Search code examples
pythontensorflowkerastensorflow-datasets

How to apply pre-processing to images of a tf.data.Dataset?


If I understand correctly instead of loading a a full dataset into memory like this:

images = []
file_list = glob.glob('path/to/images/*.jpg')
for file in file_list:
    images.append(img_to_array(load_img(file, target_size=input_shape)))

images = np.stack(images, axis=0)
images = preprocess(images)

# classify the image
print("[INFO] classifying image with '{}'...".format(used_model))
predictions = model.predict(images)
decoded_predictions = imagenet_utils.decode_predictions(predictions)

One should use to tensorflows data utilities for better memory management and performance:

images = tf.keras.utils.image_dataset_from_directory(file_path, image_size=input_shape, labels=None)
AUTOTUNE = tf.data.AUTOTUNE
images = images.prefetch(buffer_size=AUTOTUNE)

# this line will now crash
images = preprocess(images)


# classify the image
print("[INFO] classifying image with '{}'...".format(used_model))
predictions = model.predict(images)
decoded_predictions = imagenet_utils.decode_predictions(predictions)
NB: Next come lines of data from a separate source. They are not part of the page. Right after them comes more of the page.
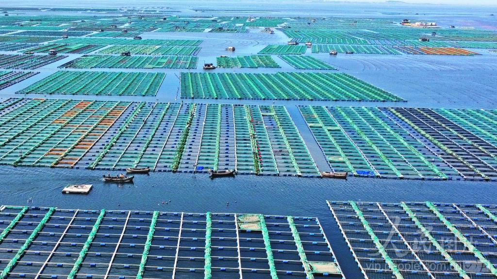 2024年6月4日,在山东省荣成市一处海洋牧场,养殖工人驾驶养殖船穿梭于养殖区,从事海带收获、贝类夏管等各种海水养殖作业。 近年来,荣成市在多处海洋牧场采用立体养殖技术——浅海多营养层次生态养殖模式:上层养殖海带、裙带、龙须菜等藻类,中层养殖贝类,底层是人工鱼礁。这种模式既能形成自给自足的生态循环,降低空气中的二氧化碳总量,又能提高养殖效益,形成了生态效益、经济效益双提升。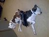 | PIptickle...Is your brown & white dog SITTING on the Black & White dog's BUTT!?!?! THAT is a hoot! |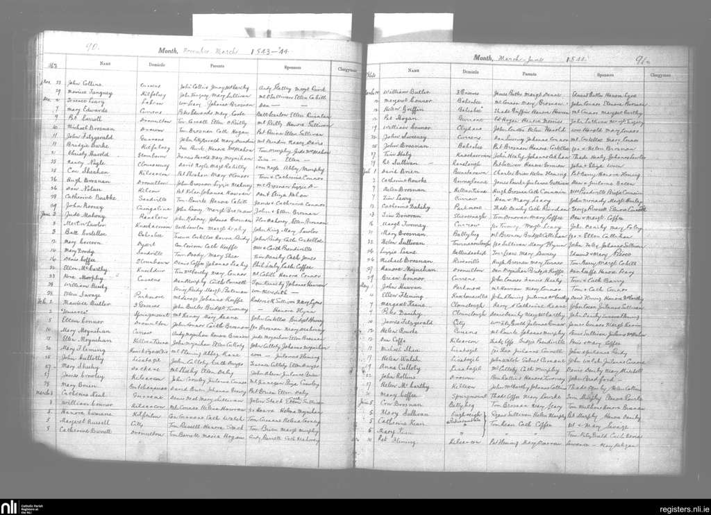 Killeentierna; County of Kerry; Diocese of Kerry. Baptisms, Nov. 1843 to June 1844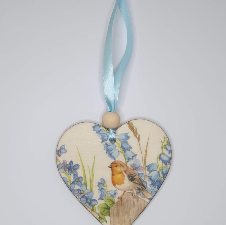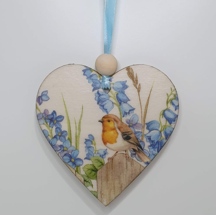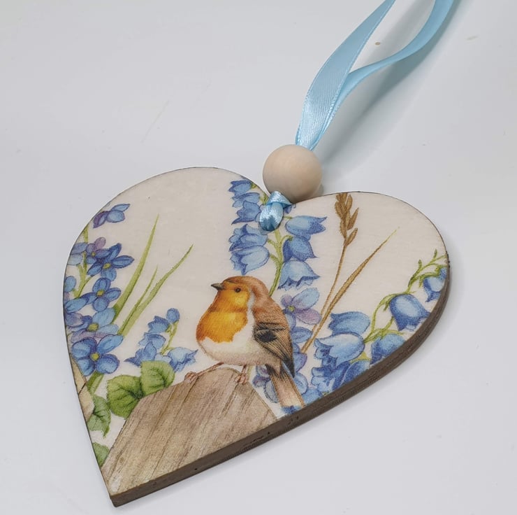 Robin wooden hanging heart decoration. The heart has been decoupaged with a pretty robin design on the front, sealed and finished with pale blue satin ribbon and a wooden bead ready to hang.

As written in the code above, I know have different data structures, which will not work with the same code. My question is: How can I apply pre-processing to my data? All the corresponding tutorials seem to deal with training, while I want to do simple inference.
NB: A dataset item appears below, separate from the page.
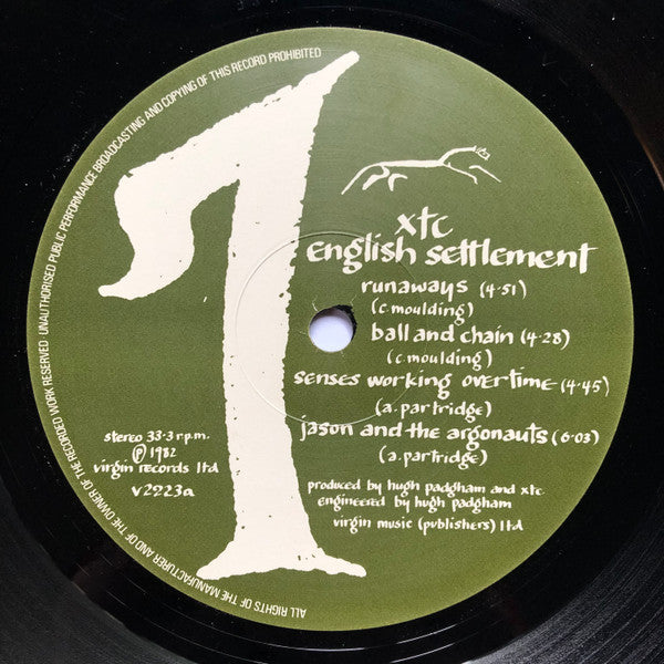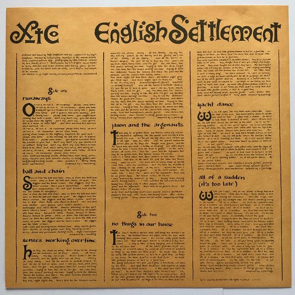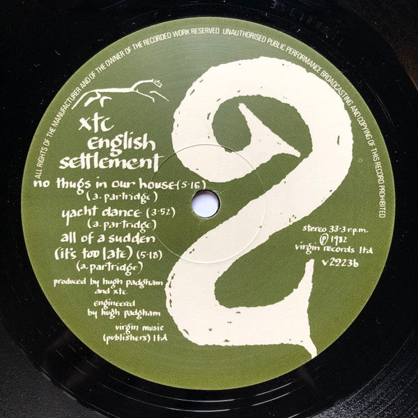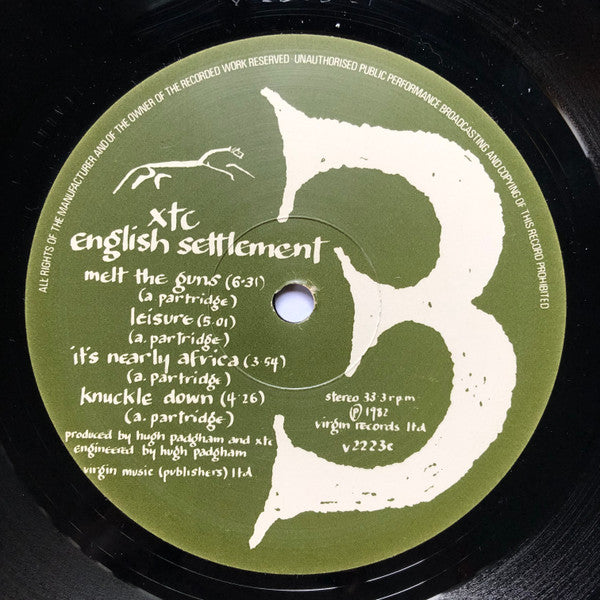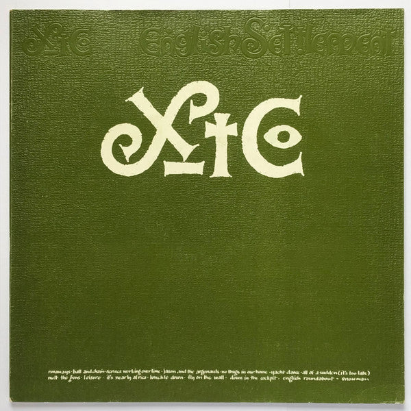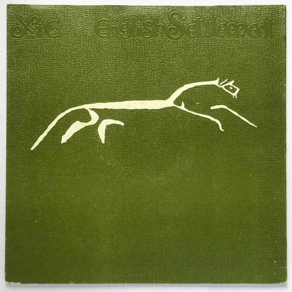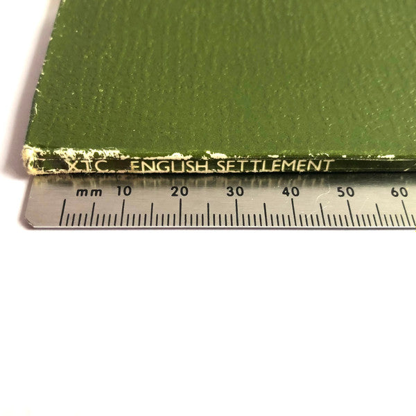 First issue, earliest narrow spine version, with the following attributes:Textured, single-pocket sleeve with 'XTC ENGLISH SETTLEMENT' embossed in the green area on front and back;

Additional Question: How would this be done, if the data is coming from an S3 bucket (with the script running in an Airflow-DAG)?


Solution

  • You can use tf.data.Dataset.map to apply preprocessing to your images or batches of images. Here is an example:

    import tensorflow as tf
    import pathlib
    
    dataset_url = "https://storage.googleapis.com/download.tensorflow.org/example_images/flower_photos.tgz"
    data_dir = tf.keras.utils.get_file('flower_photos', origin=dataset_url, untar=True)
    data_dir = pathlib.Path(data_dir)
    
    batch_size = 32
    
    train_ds = tf.keras.utils.image_dataset_from_directory(
      data_dir,
      seed=123,
      image_size=(180, 180),
      batch_size=batch_size)
    
    scale_layer = tf.keras.layers.Rescaling(1./255)
    
    def preprocess(images, labels):
      images = tf.image.resize(scale_layer(images),[120, 120], method=tf.image.ResizeMethod.NEAREST_NEIGHBOR)
      return images, labels
    
    train_ds = train_ds.map(preprocess)
    

    In your case, you just have images so you can ignore the labels here.